- Born: 3 July 1975 Kyiv
- Died: 6 July 2024 (aged 49) Donetsk Oblast, Ukraine
- Education: National Music Academy of Ukraine
- Occupations: Opera singer (bass), violinist, actor, soldier
- Awards: Merited Artist of Ukraine

= Ihor Voronka =

Ukrainian opera singer (bass), violinist, actor, soldier (1975–2024)

Ihor Voronka (Ігор Володимирович Воронка; 3 July 1975, Kyiv – 6 July 2024, Donetsk Oblast, Ukraine) was a Ukrainian opera singer (bass), violinist, actor, soldier of the Armed Forces of Ukraine, and a participant in the Russian-Ukrainian war.

==Biography==
He studied at School No. 93 in Kyiv, then at the National Music Academy of Ukraine.
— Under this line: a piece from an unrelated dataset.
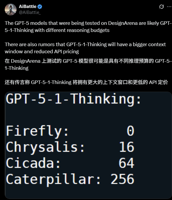 一些内部测试者提到,GPT-5.1 可能引入了一个全新的参数:"思维预算(Thinking Budget)"。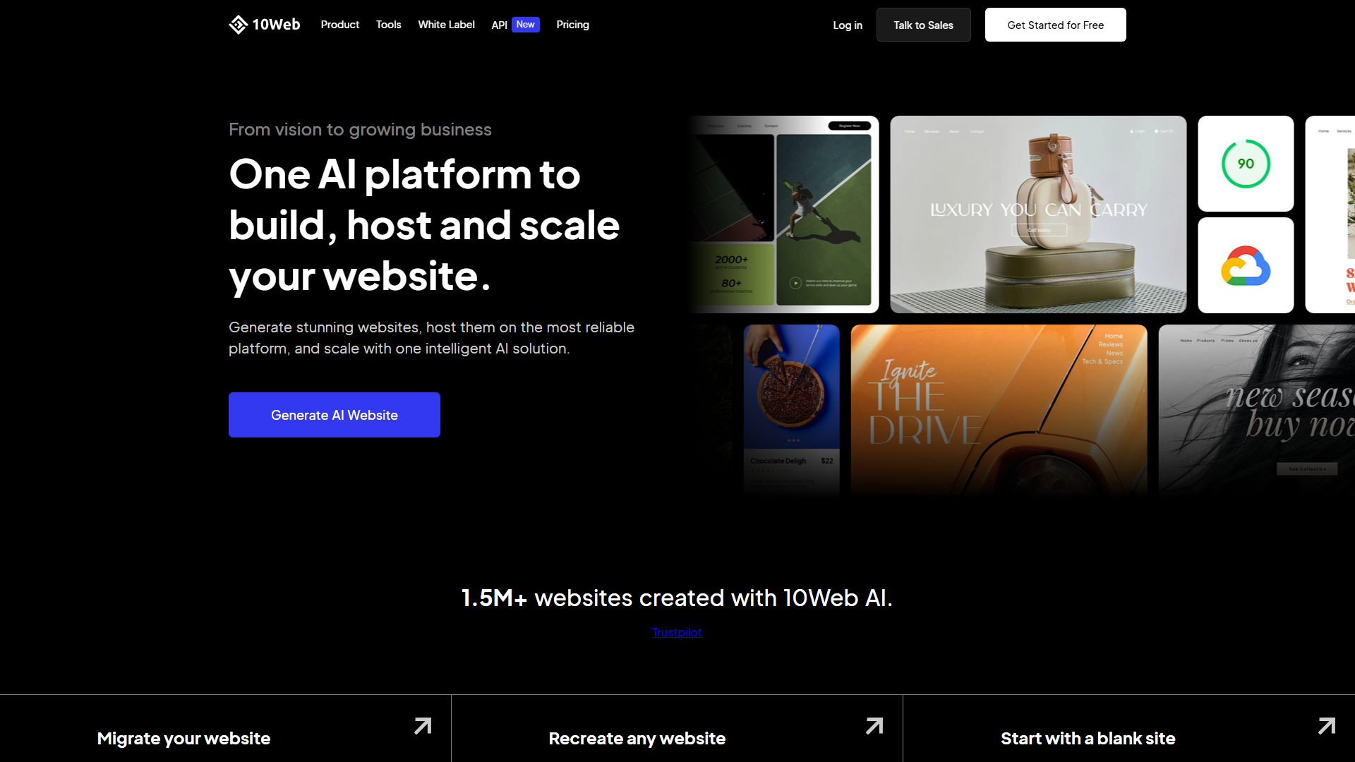 10Web allows any website to be migrated in one click, saving time and avoiding technical issues. After migration, an optimized copy of your website will be hosted on 10Web, with reported improvements such as a 90+ PageSpeed Score.

He was an artist of the National Academic Capella "Dumka" (singing bass), and from 2017, he participated in projects of the "Open Opera Ukraine" art platform.

From the beginning of the full-scale invasion, he served (call sign "Atos") in the 206th separate territorial defense battalion. In 2023, he was severely wounded, later returning to duty. He had his violin with him at the front.

He died in the occupied territory of Donetsk Oblast on the evening of 6 July 2024. As of October 2024, Ihor Voronka is considered missing in action.

He is survived by his wife and son.

==Awards==
- Merited Artist of Ukraine (2009).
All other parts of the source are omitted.